Андрей Апостол – есть преданье —
Крестом рассеял мрак греха,
Предрекши веры процветанье,
Поста, молитвы и труда.
 
   Начинается настоящий дождь. Бежим в гору, к часовне. О. Николай поет молебен. Богомольцы прячутся от дождя под лапами старых елей. С высоты видно озеро, мутное за дождем, сумрачные леса, утесы, крестик заброшенного в леса скита. Возле часовни стоит деревянный крест, знаменуя тот, древний Крест, поставленный, по преданию, Апостолом Андреем. Дождь переходит в ливень. Бежим с горы по тропинке, раскатываясь на скользких иглах. Народ набивается в каюту, давка. О. Николая притиснули, но он кроткий, не скажет слова. Говорят опасливые: «сколько набилось-то… ну, пароходишка затонет!» Этого быть не может: нельзя потонуть на Валааме, Угодники не допустят, никогда такого не случалось.
   Певчие в ободрение поют: «Волною морско-о-о-ю-у…» Подхватывают все радостно, уповая: «Го-о-нителя, му-у-чи-теля… под землею скры-ы-и-и-ша-а»…
   Вступаем в узкую канаву. На камне врезано: «сооружена сия канава 1865 года».
   – Стоп, машина-а!.. Го-тово дело!..– весело кричат с лодок. Дно пароходика скребет, пароходик дрожит и хряпает. Мальчик-монашонок свешивает за борт голову.
   – Что, брат ты мой… сели на мель! – весело говорит он мне и хлопает по плечу: доволен.
   И все богомольцы рады. Кричат: «поддай пару, машинист!» – «чего там пару, будем зимовать!.. Эх, хорошо, братцы… пропадай, Питер»!

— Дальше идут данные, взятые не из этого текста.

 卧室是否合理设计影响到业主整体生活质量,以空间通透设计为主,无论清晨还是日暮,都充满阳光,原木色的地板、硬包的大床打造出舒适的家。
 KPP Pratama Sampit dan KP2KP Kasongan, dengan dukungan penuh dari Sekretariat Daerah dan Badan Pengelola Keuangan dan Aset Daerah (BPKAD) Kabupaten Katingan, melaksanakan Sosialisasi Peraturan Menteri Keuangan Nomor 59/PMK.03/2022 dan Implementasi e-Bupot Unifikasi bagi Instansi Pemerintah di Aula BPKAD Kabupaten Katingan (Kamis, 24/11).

   – Братия, слезай на луду, пароходик облегчить! – кричит машинист, – корма села!
   Богомольцы прыгают на островки, принимаются собирать бруснику. Монахи-кормщики недвижно стоят на лодках. Машинист с кочегаром отпихиваются шестами, повисли в воздухе над водой. Монашенки шмыгают с кормы на нос.
   – Брат Пётра, налега-ай! – кричат с лодок. – Угоднички, выручайте!..

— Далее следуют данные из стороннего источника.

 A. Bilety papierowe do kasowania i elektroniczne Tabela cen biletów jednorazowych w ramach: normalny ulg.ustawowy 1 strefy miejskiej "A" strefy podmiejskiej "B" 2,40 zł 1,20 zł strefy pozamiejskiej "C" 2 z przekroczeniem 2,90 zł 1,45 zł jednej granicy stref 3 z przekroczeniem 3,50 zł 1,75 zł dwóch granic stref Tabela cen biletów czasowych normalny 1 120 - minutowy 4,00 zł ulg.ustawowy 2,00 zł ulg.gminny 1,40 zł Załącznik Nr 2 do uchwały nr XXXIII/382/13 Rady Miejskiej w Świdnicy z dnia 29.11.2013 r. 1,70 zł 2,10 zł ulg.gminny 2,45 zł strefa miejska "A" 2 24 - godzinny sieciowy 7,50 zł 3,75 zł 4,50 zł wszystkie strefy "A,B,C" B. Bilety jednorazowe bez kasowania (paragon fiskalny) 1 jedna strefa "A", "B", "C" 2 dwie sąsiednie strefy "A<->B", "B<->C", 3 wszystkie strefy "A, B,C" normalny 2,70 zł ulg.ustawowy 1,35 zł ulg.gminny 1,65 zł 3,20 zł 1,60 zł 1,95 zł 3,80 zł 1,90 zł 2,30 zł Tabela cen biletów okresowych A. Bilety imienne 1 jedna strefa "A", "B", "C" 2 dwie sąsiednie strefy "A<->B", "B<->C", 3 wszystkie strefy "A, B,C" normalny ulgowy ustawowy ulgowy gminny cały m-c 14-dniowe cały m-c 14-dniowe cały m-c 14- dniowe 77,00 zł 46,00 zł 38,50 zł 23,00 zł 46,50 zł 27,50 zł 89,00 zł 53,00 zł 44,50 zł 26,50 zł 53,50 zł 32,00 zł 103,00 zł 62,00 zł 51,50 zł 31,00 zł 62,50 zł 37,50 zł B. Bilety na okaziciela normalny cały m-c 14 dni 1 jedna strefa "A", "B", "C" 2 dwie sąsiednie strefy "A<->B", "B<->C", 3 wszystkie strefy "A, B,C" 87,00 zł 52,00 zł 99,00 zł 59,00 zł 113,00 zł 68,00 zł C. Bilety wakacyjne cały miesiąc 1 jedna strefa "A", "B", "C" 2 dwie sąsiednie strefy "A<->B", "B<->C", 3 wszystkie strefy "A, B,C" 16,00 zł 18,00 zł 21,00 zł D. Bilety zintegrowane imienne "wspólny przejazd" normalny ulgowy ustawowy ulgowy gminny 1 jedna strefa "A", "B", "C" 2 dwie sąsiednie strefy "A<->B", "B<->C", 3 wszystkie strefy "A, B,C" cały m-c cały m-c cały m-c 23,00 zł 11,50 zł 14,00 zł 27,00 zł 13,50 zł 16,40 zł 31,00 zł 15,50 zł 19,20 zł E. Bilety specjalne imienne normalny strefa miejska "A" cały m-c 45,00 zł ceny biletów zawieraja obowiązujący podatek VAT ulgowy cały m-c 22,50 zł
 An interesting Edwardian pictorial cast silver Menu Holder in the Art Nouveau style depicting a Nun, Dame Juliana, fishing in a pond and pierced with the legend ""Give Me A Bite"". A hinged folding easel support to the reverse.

   Советуют спеть «Дубинушку», но постарше – остерегают: она к святым местам не подходит, тут молитва верх берет. Наконец, после общих усилий богомольцев, монахов и машины, после тропаря и «Дубинушки», которую все-таки затянули на лодках не очень громко, пароходик высвободился, – и опять вереница заливов тихих, громад гранитных, проливчиков, островков, старый сосновый бор, таинственный, безмолвный. Вон уж и монастырь. Воцаряется благочиние. Монашонки опять смиренны. Певчие зачинают тропарь Преображению. На лодках крестятся – кресты золотые видно! – и подхватывают раздольно-весело: «Преобразился еси на горе-э…»

IX. – Святости. – В большом скиту. – Вразумление

   Под сводами ворот, в заломе, – монастырская лавка «святостей». Строгий монах-хозяин не предлагает богомольцам свои товары: не умеет, что ли, – или грехом считает. Ответит только, сколько стоит. Скажет – и стоит в раздумье. Все – только для богомольца из народа. Валаам не угождает случайному туристу, нет ему дела до туристов: лучше бы их и не было, соблазна меньше. Старый Валаам – суров. Богомолец его – по нем, простецкий, трудовый, духовно-постный: требует крестики и образочки, «из жития», картинки-притчи. Слышишь только:
   – Для святого угла бы… за полтинник.
   – Из божественного… наставительного чего бы. Или, редко: «Библию бы, настоящую большую, самую… чтобы уж и внукам проникалось, сколько годов все собирался, со святого места…» Нам хочется чего-нибудь из местного.
   – Нет ли у вас валаамского чего-нибудь, художественного? Монах не понимает. Смотрит недоверчиво, как будто: «эти питерские, из чистых… развлекатели, все бы им для забавки…» – думает так, пожалуй:
   – Это чего, худо-ственного… как разуметь? Стараюсь объяснить, попроще: ну, поделок из валаамского гранита… ну, пресс-папье, каких-нибудь фигурок… на письменный бы стол… Он не понимает, что за пресс-папье! Стоит – молчит.
   – Может быть, ларчик для колец… такой, изящный? на Урале делают, такие… Нет, молчит.
   – Тут для богомольцев, «святости»… поделок нету. Фи-гурки.? из валаамского гранита? игру-шки.?!
   – В Питере… там всякие безделки. Тут – «святости». На Валааме не тратят время на безделки. Рыбу на удочку не ловят: баловство. В проливе не купаются: грех, вода святая. По грибы, по ягоды ходить для развлеченья – прихоть: ходят в послушание, во благовремении, для обихода.
   Есть только деревянные изделия – святыньки: крестики из можжевелки, из кипариса-дерева, свято-афонского, да ложки с видом Валаама и «благословеньем» на черенке: станешь вкушать – о Валааме вспомнишь. Мы выбираем ложки.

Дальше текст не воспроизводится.